The landing - which is currently in progress - is the culmination of a ten-year, six billion kilometer journey by the Rosetta space craft.

If successful it could lead to important new insights into what comets are made of, how they were created and what role - if any - they may have played in creating the oceans (and life) here on Earth.

But it is by no means a sure thing that the landing will even take place - even as the hours tick down to the supposed launch.

Dr Matthew Genge, senior lecturer in Earth and planetary science at Imperial College London, said: "If today's landing goes well, Rosetta will tell us if comets made our planet blue by providing the oceans.

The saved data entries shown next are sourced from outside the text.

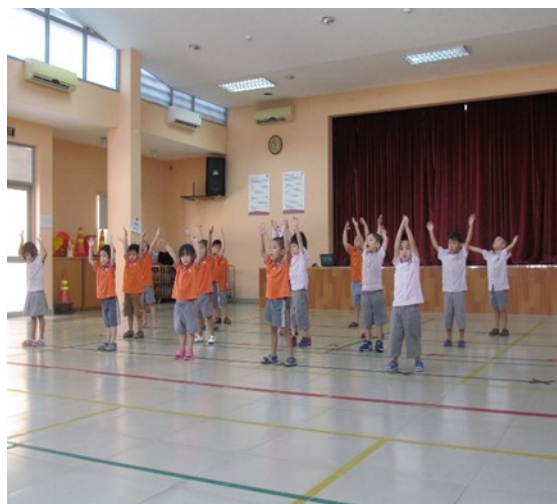
Học sinh tập dợt trước biểu diễn văn nghệ cuối năm
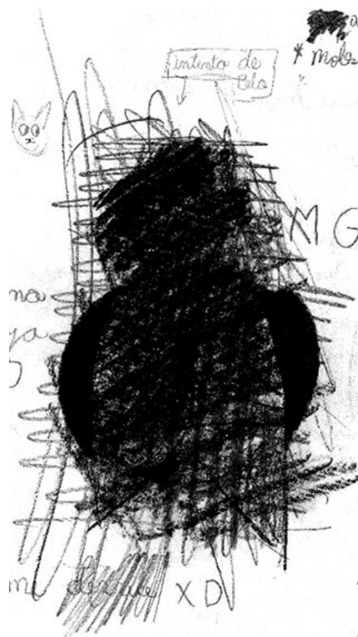
Fig. 3. Retrato
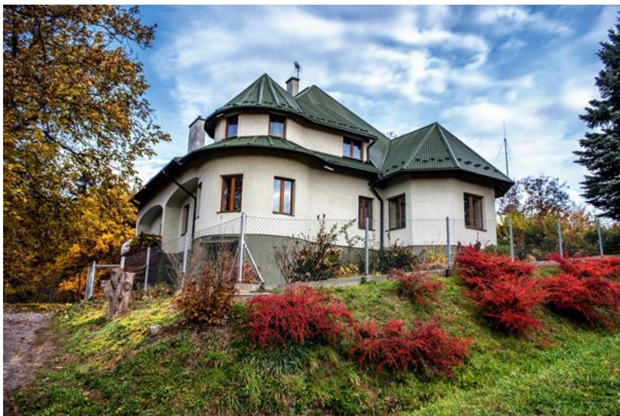
Leśniczówka – dawny pałac myśliwski
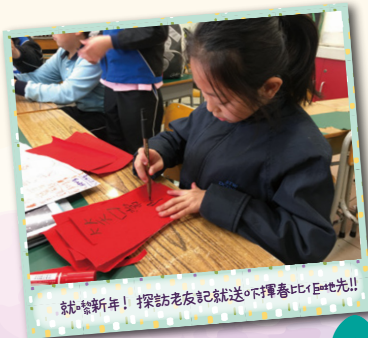
就嚟新年! 探訪老友記就送下揮春比佢哋先!!
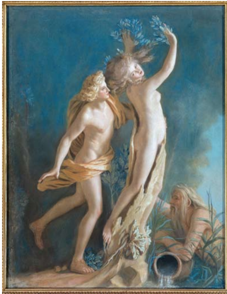
Bernini, Apollo en Daphne. Daphne verandert in een boom om te ontsnappen aan Apollo. Naar aanleiding van Ovidius' Metamorfosen .

De studiedag leverde geen definitief antwoord op de vraag of Google wel geschikt is voor de wetenschappelijke wereld. Maar wel bleek opnieuw dat Google in de commerciële markt een zeer belangrijke plek inneemt en dat bijna iedere zoekmachine, ook de wetenschappelijke, met Google wordt vergeleken. (LS)
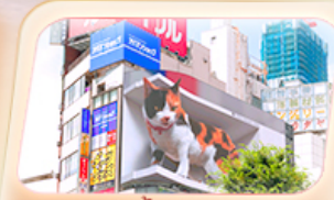
ช้อปปิ้งย่านชินจูกุ
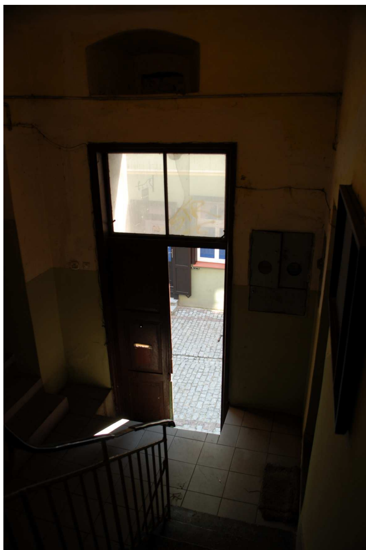
Klatka schodowa, Olejna 12, 2010.

"[But] This is the most difficult landing in space history, like landing a balloon in a city centre on a windy day with your eyes closed.

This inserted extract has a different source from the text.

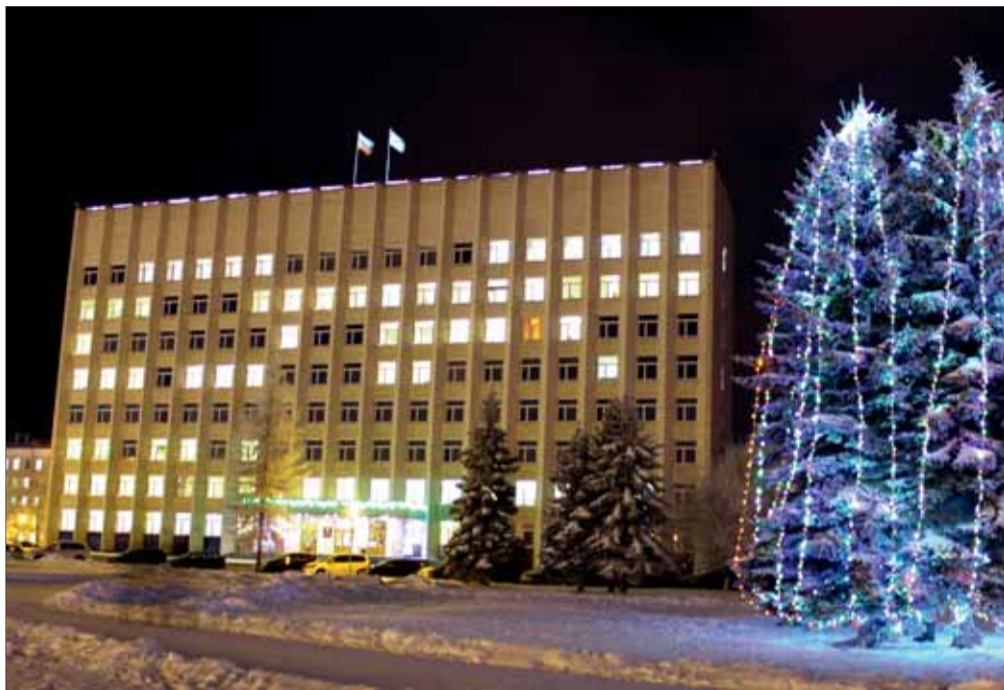
ФОТО АРХАНГЕЛЬСКОЙ ОБЛАСТИ

Предновогодние дни – время подведения итогов работы и планов на будущее. Именно этим сейчас, в период подготовки к завершающей декабрьской сессии и принятию бюджета региона, заняты все комитеты Архангельского областного Собрания. Оперативным отчетам посвящена и большая часть четвертого номера «Парламентского вестника».

Genge said that the landing could prove to be a transformative moment in space history - but that its fate comes down to "the final few seconds".

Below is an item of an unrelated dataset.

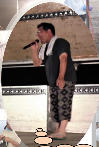
住民の歌謡ショー、 熱唱で聴かせます！
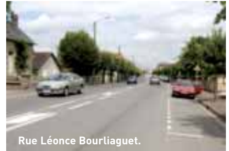
Rue Léonce Bourliaguet.

A l'instar de la rue Pierre Chaumeil à Tujac, la Ville, après concertation avec les riverains, va tester pendant quelques mois des travaux de mise en sécurité de la rue Léonce Bourliaguet à Bouquet et de l'avenue du 18 juin 1940 à Tujac. Ce n'est qu'à l'issue de cette période d'expérimentation et si le test a été concluant, que les travaux définitifs seront réalisés avec des aménagements en dur.

"Did comets deliver the building blocks of living things and start life on Earth? We may soon know with the help of Rosetta," he said.

"Some scientists have spent 20 years working on this mission. The fate of all that work lies in the final few seconds of touch down."

The chosen landing site, named Agilka after an island in the Nile, was the least hazardous of five possible candidates. The whole of the comet is covered in deep pits, towering cliffs and peaks, craters and boulders - some the size of houses.

Philae is equipped with cameras, a suite of 10 instruments, and a drill that can bore out samples to a depth of 23cm.

One British-led instrument, Ptolemy, will be used to analyse the composition of samples in the craft's on-board laboratory.

The lander is designed to collect data for just two-and-a-half days, but Rosetta will remain with the comet as it flies past the Sun and heats up, approaching as close as 118 million miles.

Scientists hope the £1 billion mission will yield valuable information about the origin of the Solar System, the Earth, and possibly life.

Comets bombarded the Earth early in its history, helping to fill the seas with water and depositing complex organic chemicals which may have contributed to the birth of living things.